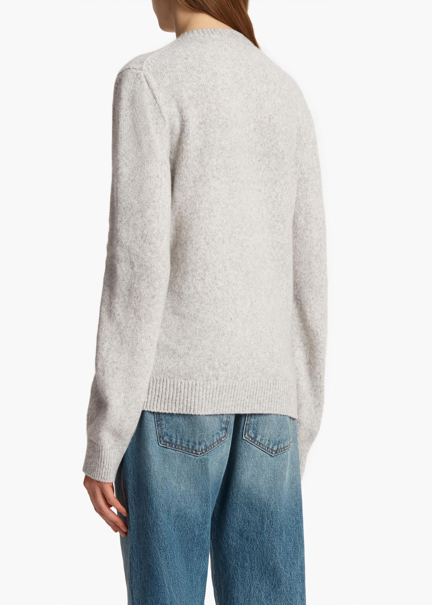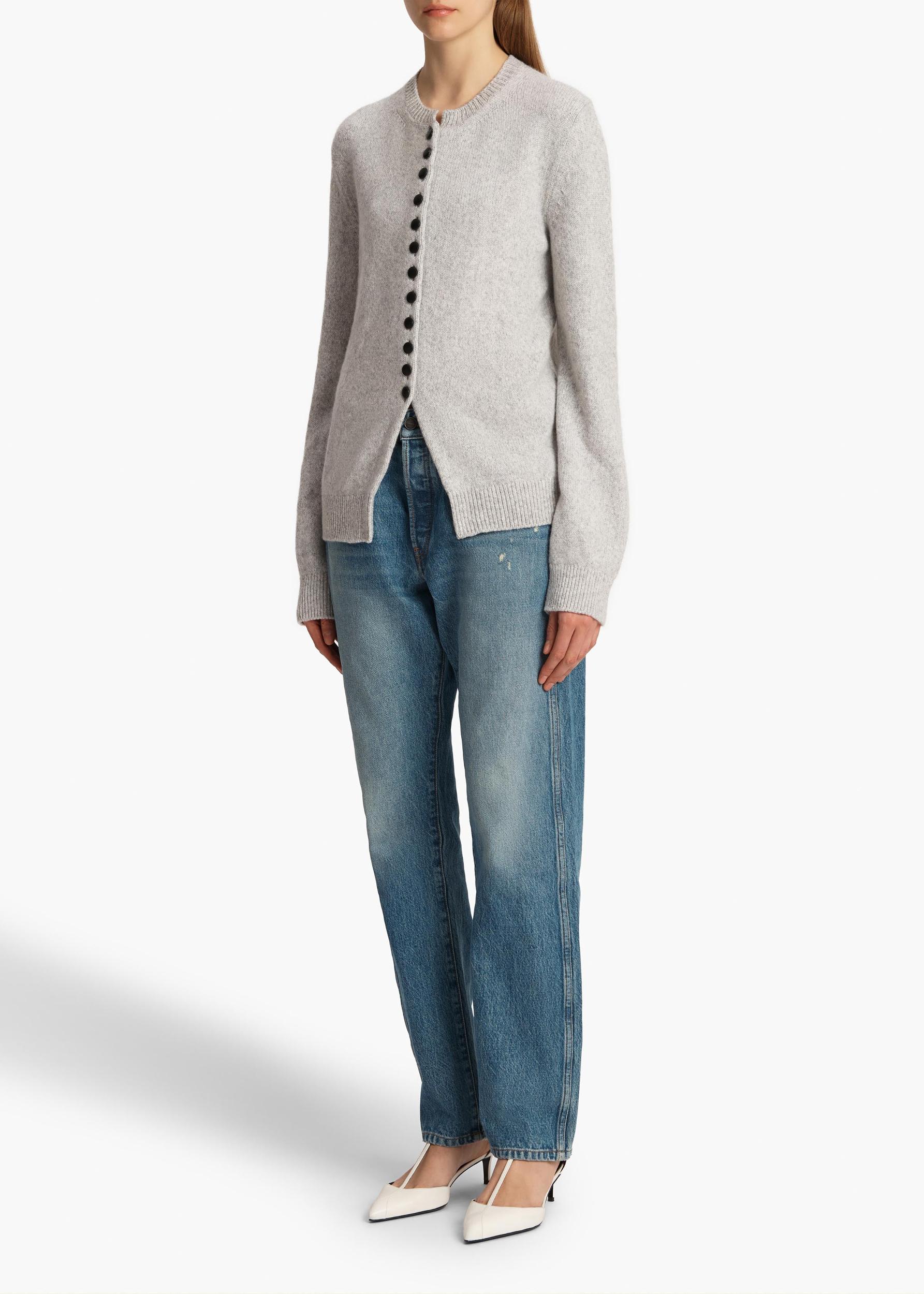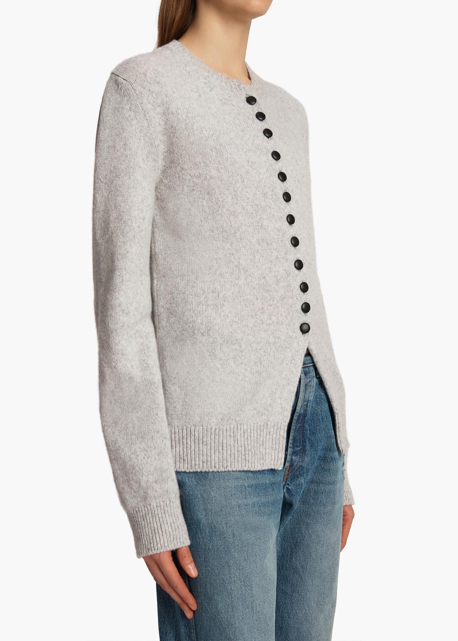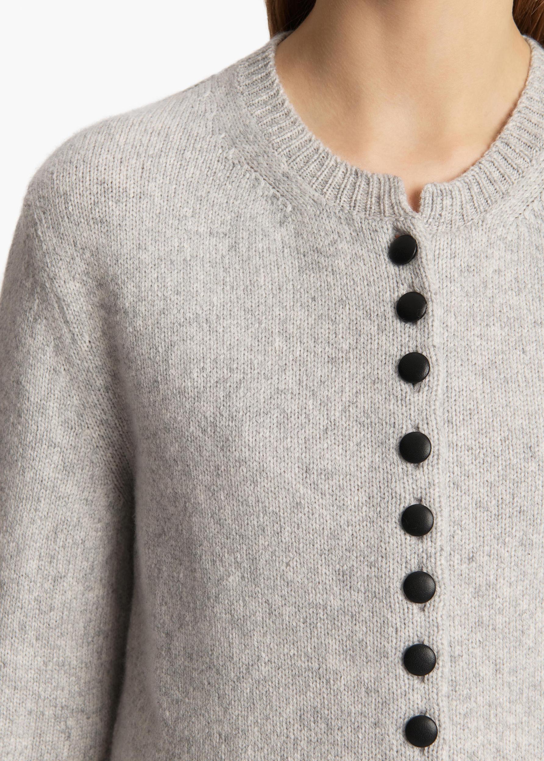 A split-hem cardigan in dense cashmere selected for its bouncy and substantial character. Traced by leather buttons. With ribbing at crewneck, cuffs, and hem.
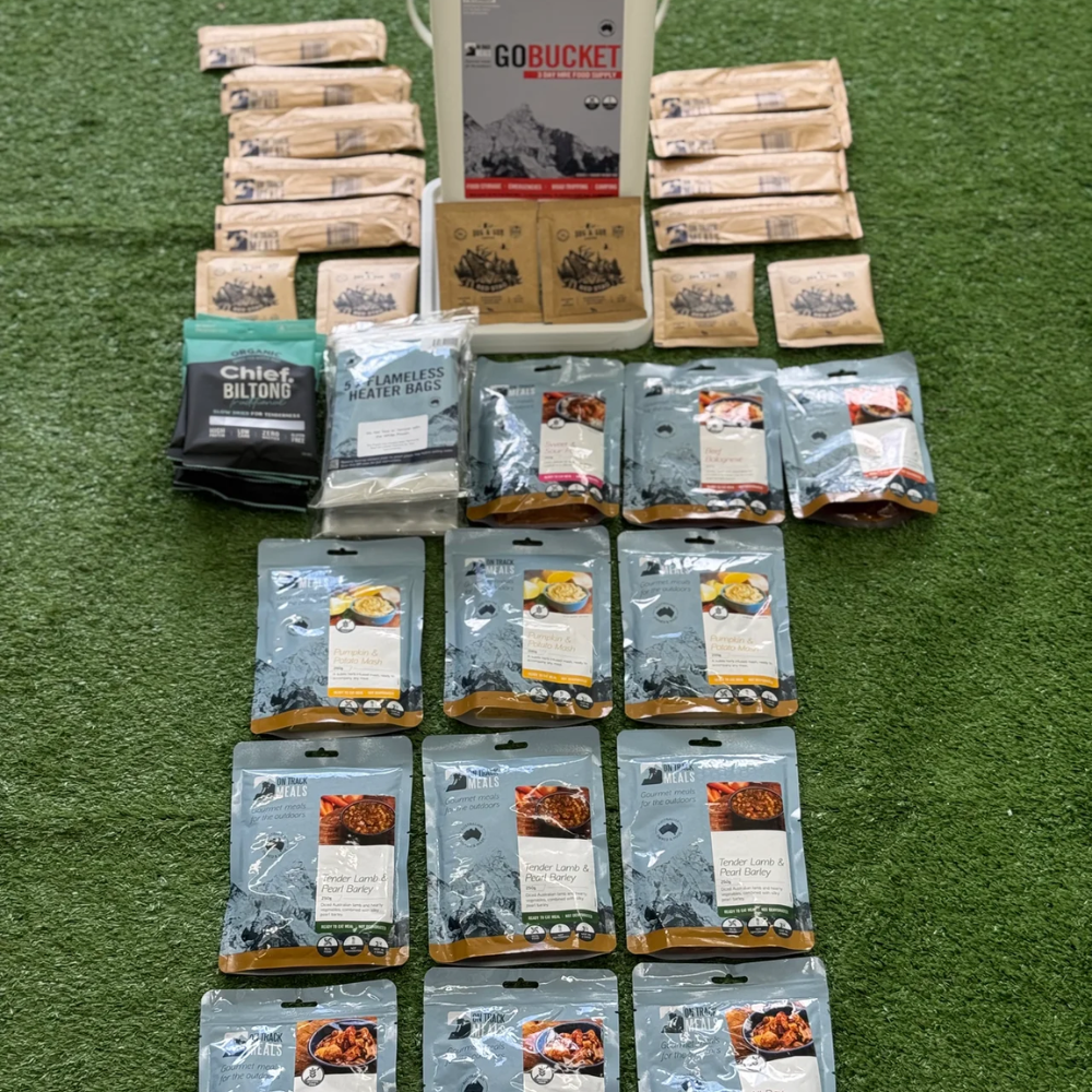 The GoBucket is a complete, ready-to-go 3-day food supply kit designed to meet your needs in emergencies, outdoor adventures, road trips, and camping. With a variety of gourmet MREs and essential extras, this bucket ensures you're well-fed and prepared wherever life takes you.
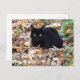 Automne est ici - ajoutez votre texte personnalisé. Un chat noir en automne laisse la photographie.
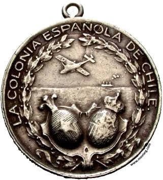 Anverso: 1926 / ALDA / RADA / DURAN / PLUS / ULTRA / PALOS DE MOGUER - BUENOS AIRES / FRANCO Reverso: LA COLONIA ESPAÑOLA EN CHILE Referencia: | |
------------------------
Task statement:
Nothing but an exact copy of the data, without its images, should make up your answer.

Answer for the task:
 A split-hem cardigan in dense cashmere selected for its bouncy and substantial character. Traced by leather buttons. With ribbing at crewneck, cuffs, and hem.
 The GoBucket is a complete, ready-to-go 3-day food supply kit designed to meet your needs in emergencies, outdoor adventures, road trips, and camping. With a variety of gourmet MREs and essential extras, this bucket ensures you're well-fed and prepared wherever life takes you.
 Automne est ici - ajoutez votre texte personnalisé. Un chat noir en automne laisse la photographie.
 Anverso: 1926 / ALDA / RADA / DURAN / PLUS / ULTRA / PALOS DE MOGUER - BUENOS AIRES / FRANCO Reverso: LA COLONIA ESPAÑOLA EN CHILE Referencia: | |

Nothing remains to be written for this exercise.